LinuxQuestions.org
Visit Jeremy's Blog.
Go Back   LinuxQuestions.org > Forums > Linux Forums > Linux - Hardware
User Name
Password
Linux - Hardware This forum is for Hardware issues.
Having trouble installing a piece of hardware? Want to know if that peripheral is compatible with Linux?

Notices


Reply
  Search this Thread
Old 12-04-2009, 09:10 AM   #1
wilibird
LQ Newbie
 
Registered: Dec 2009
Location: France
Distribution: redhat6, mandrake7, suse5, bits of debian and lots of (x)ubuntu, mandriva2006+, centos5, sles9+
Posts: 9

Rep: Reputation: 0
linux sees hw raid disks in wrong order whilst grub sees correctly


Dear fellows,

A linux box equipped with LSI MegaRAID SAS1078 controler has 4 SAS disks slots.

Slots 1+2 holds disks that have been configured (using the LSI bios interface at boot time) as raid-mirror array (hence exported by the controler as one unique LUN).

Slots 3 & 4 each holds disks that are not configured as RAID ("direct attached devices" or "raw devices").

The "scan order" numbers for each disk, as reported by the controler interface, are in the same order than the "slot numbers".

Grub (installed on MBR of slot 1+2 LUN) sees:
* slot 1+2 LUN as hd0
* slot 3 disk as hd1
* slot 4 disk as hd2

The Grub boot command says:
root (hd0,1)
kernel /vmlinuz-2.6.16 root=/dev/sda3
initrd /initrd-2.6.16.img

(hd0,0) is swap
(hd0,1) is /boot
(hd0,2) is /

The linux distro is SUSE (SLES10 SP2).

Grub boots correctly (disks in slots 3 & 4 are empty, even no partitions; and as expected, grub tab-auto-completes hd0 with available partitions; on the other hand, grub also sees hd1 and hd2 with the the tab completion, but eventually without partitions behind).

Now the problem:

The kernel loads, initrd as well with its bunch of modules, and then harddrives are detected by the scsi driver and there I see:
...
SCSI device sda: ...
sda: unknown partition table
...
SCSI device sdb: ...
sdb: unknown partition table
...
SCSI device sdc: ...
sdc: sdc1 sdc2 sdc3 sdc4 < sdc5 sdc6 sdc7 sdc8 sdc9 >
...

Indeed, shortly after, the sysinit fails mounting FS (because FSTAB addresses directly /dev/sdaN and not UUIDs nor UDEV persistent names).

Please note that I DO NOT want to use UUIDs nor LABELs (for personal reasons it's no use to detail here).
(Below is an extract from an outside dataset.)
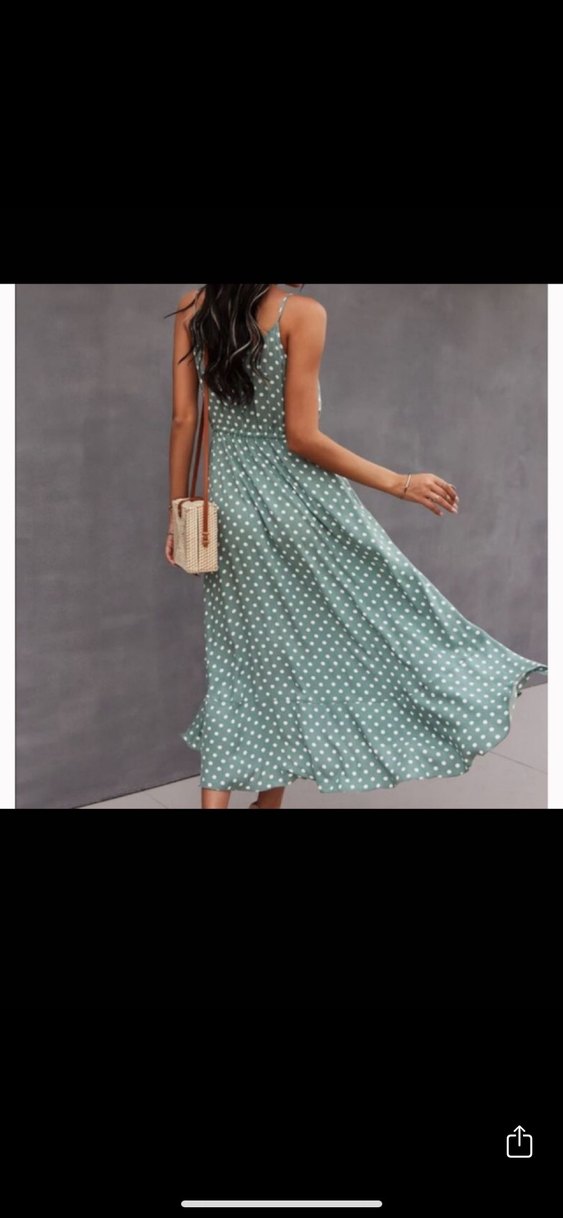 Yumuşak sentetik kumaştan, pilili, uzun ve bol kesim, pastel yeşil puantiyeli bohem elbise

I tried to change the disk order at the LSI raid bios level, but:
* this interface cannot change priority for LUNs, only for raw devices (and these raw device priorities are set according to slot numbering)
* Grub indeed sees disks correctly, so I think the problem happens only at the linux stage, not earlier.

I tried to look at UDEV persistent rules (in the /etc as well as in the initrd.img/etc after a cpio extract), but there is nothing human readable (nor any obvious aliases, like those we can find for eth cards for instance).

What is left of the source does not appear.